In many cases in which the prosecution offers the evidence to show intent, the only arguable non-character is Dean Wigmore’s doctrine of objective chances. In the dean’s famous hypothetical, two friends, A and B, are hunting. A bullet flies by A’s ear. The first time that occurs, A dismisses the shot as an accident. However, by the third occurrence A draws the common-sense inference that the shot was intentional. The inference is not based on any assumption about B’s personal, subjective bad character. Rather, the inference is drawn from the objective improbablity that so many similar accidents would occur. Today the courts recognize the doctrine of chances as a legitimate non-character theory.
The problem is that there is a very thin distinction between verboten character reasoning and reasoning under the doctrine. It is improper for the jury to reason, “He formed the criminal intent once, he is predisposed to that intent, and ergo he had a similar intent on the occasion of the charged crime.” However, the similarity between the uncharged and charged incidents gives the character rationale an intuitive appeal. Yet, the similarity between the charged and uncharged acts is also the key to triggering the doctrine of chances. Lay jurors may find the improper character rationale more attractive.
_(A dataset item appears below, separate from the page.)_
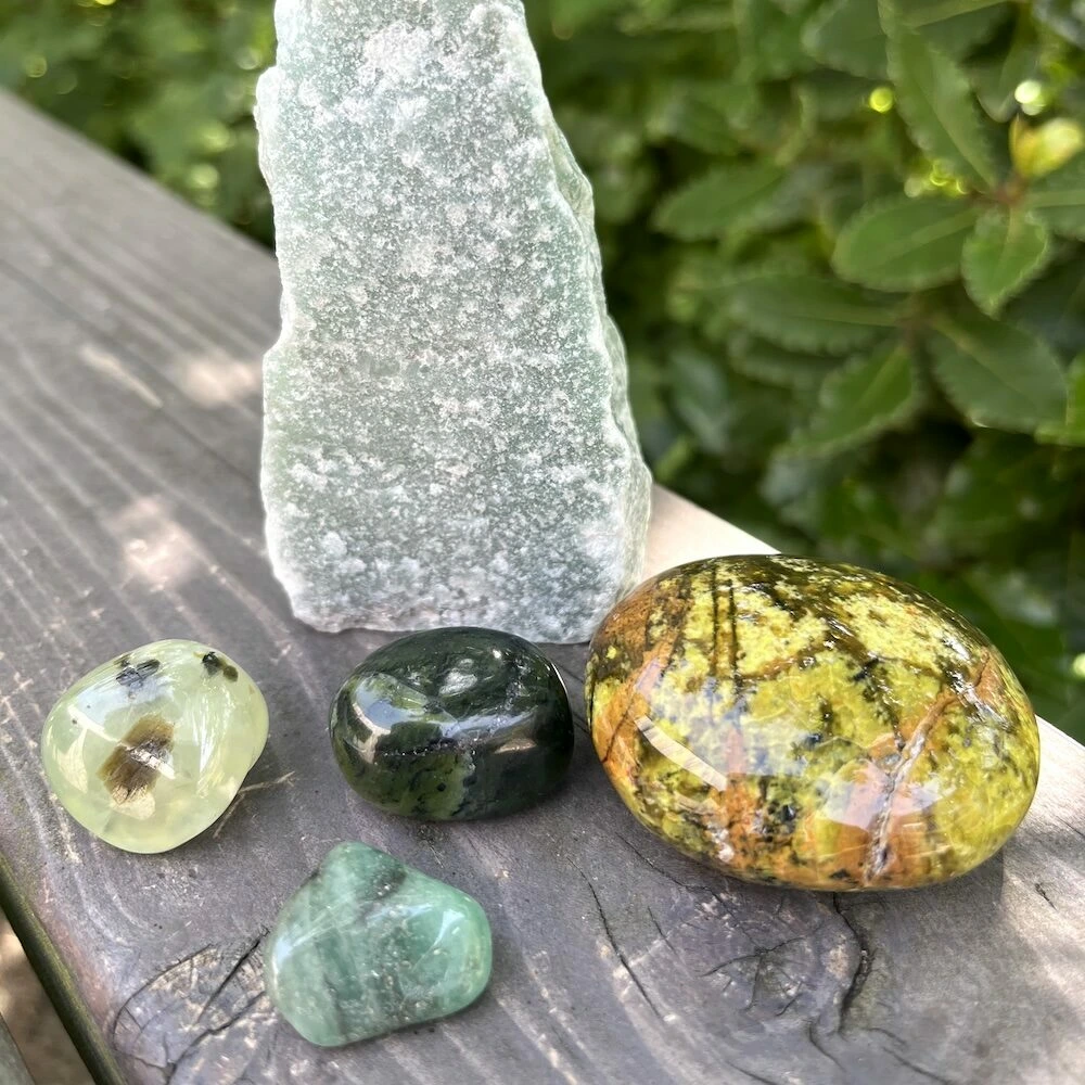 Net zoals de kleur roze, staan groene stenen in verbinding met het hart en het hartchakra. Daarnaast nodigen ze vaak ook uit tot verbinding met de natuur en de wijsheid hiervan. Groene edelstenen staan symbool voor groei, vernieuwing en overvloed. Ze hebben een kalmerend effect en kunnen worden gebruikt om geestelijke groei en spirituele vrijheid te stimuleren. Daarnaast helpen ze om je hart te openen en liefde te ontvangen en deze vrij te laten stromen.

The thesis of this article is that most courts do not do enough to ensure that the jury uses the uncharged misconduct evidence admitted to prove intent only for a permissible non-character purpose. Most of the opinions applying the doctrine of chances are conclusory in the extreme. Many do not even mention the doctrine. Worse, most do not require that the trial judge either specify the points of similarity between the charged and uncharged incidents or find that the concurrence of the charged and uncharged incidents represents an extraordinary coincidence, exceeding the normal incidence of such events for innocent persons. To makes matters still worse, the courts do not insist that the trial judge clearly instruct the jury on the nature of doctrine of chances reasoning.
The enclosed article proposes that appellate courts mandate that trial judges:
1. explicitly invoke the doctrine and make on-the-record findings as to whether the proponent has satisfied the foundational requirements for triggering the doctrine; and 2. administer a limiting instruction giving the jurors sufficient guidance on the distinction between a character rationale and doctrine of chances reasoning.
These reforms are imperative because the current lax judicial administration of the doctrine is intolerable.